Soon after receiving the unsolicited bid, MoneyGram’s board determined that the Euronet offer was potentially a superior bid and it could further consider the proposal without violating the terms of its pact with Ant.

However, on April 16, MoneyGram and Ant announced that Ant had increased its bid to $18 per share, or $1.2 billion total—and that MoneyGram’s board has unanimously approved the offer. The board’s okay doesn’t mean the deal is done. MoneyGram shareholders will vote on the acquisition at a special meeting scheduled for May 16. Holders of 46 percent of the company’s outstanding shares, including those held by company executives, already have agreed to vote in favor of the offer.

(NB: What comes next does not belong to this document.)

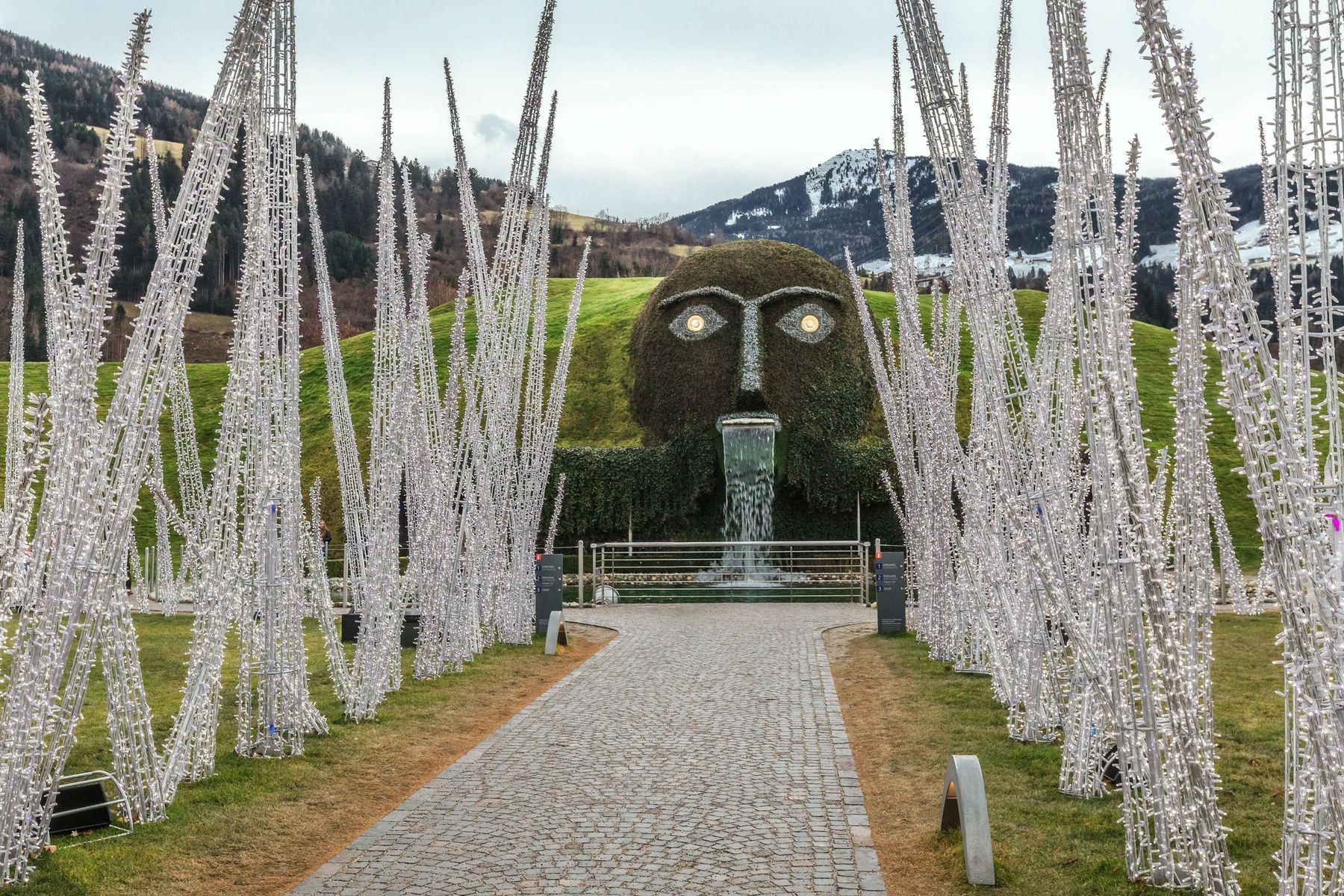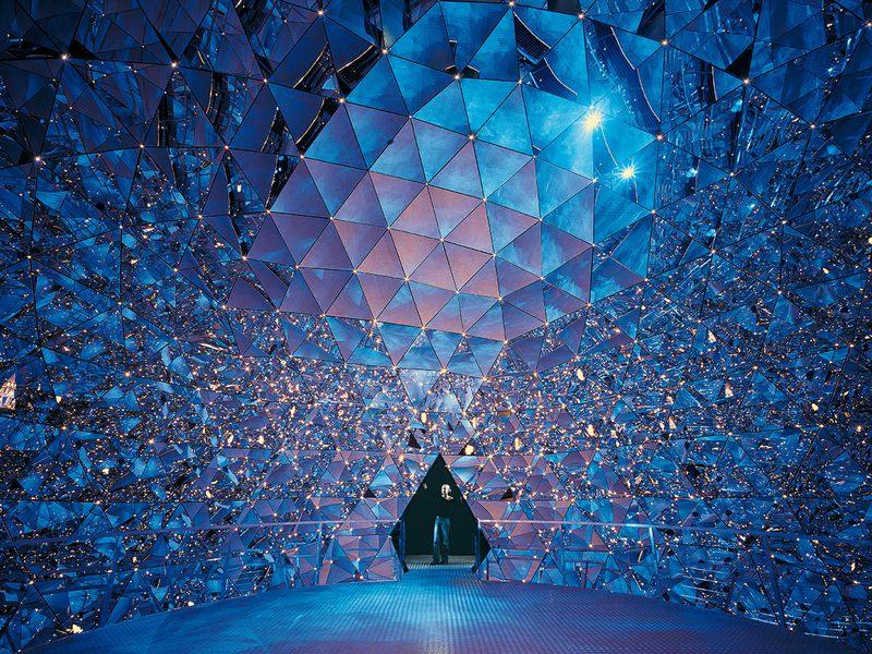 Swarovski Kristallwelten (Swarovski Crystal Worlds) in 1995 near Innsbruck in the town of Wattens opened the Swarovski Museum, in honor of the centenary of the Swarovski company. The museum is built in the form of a huge cave with 7 crystal halls filled with crystals, which are guarded by a Tyrolean giant, who has lived in Tyrol since time immemorial. A waterfall flows from his mouth, small splashes of water shimmer in the sun with all the colors of the rainbow and resemble the reflections of crystals.

Clearing the regulatory hurdles could prove more complicated. The companies said they already have made “significant progress” toward obtaining the necessary approvals, including obtaining antitrust clearance in the U.S. and filing for “certain state licensing” approvals. However, the deal still must earn the rubber stamp of the CFIUS, which has been a stumbling block in the past for deals in which Chinese companies have tried to acquire U.S. firms.

Euronet has said the Chinese ownership of Ant could hinder U.S. law enforcement effort in future AML and terrorism financing investigations. However, MoneyGram said all data will remain on U.S.-based servers and that MoneyGram will operate as an independent unit under Ant’s ownership, with all of MoneyGram’s “current procedures and protections related to data security and personally identifiable information” remaining intact.

Despite the boxes remaining to be checked, the companies said they expect the deal to close in the second half of 2017.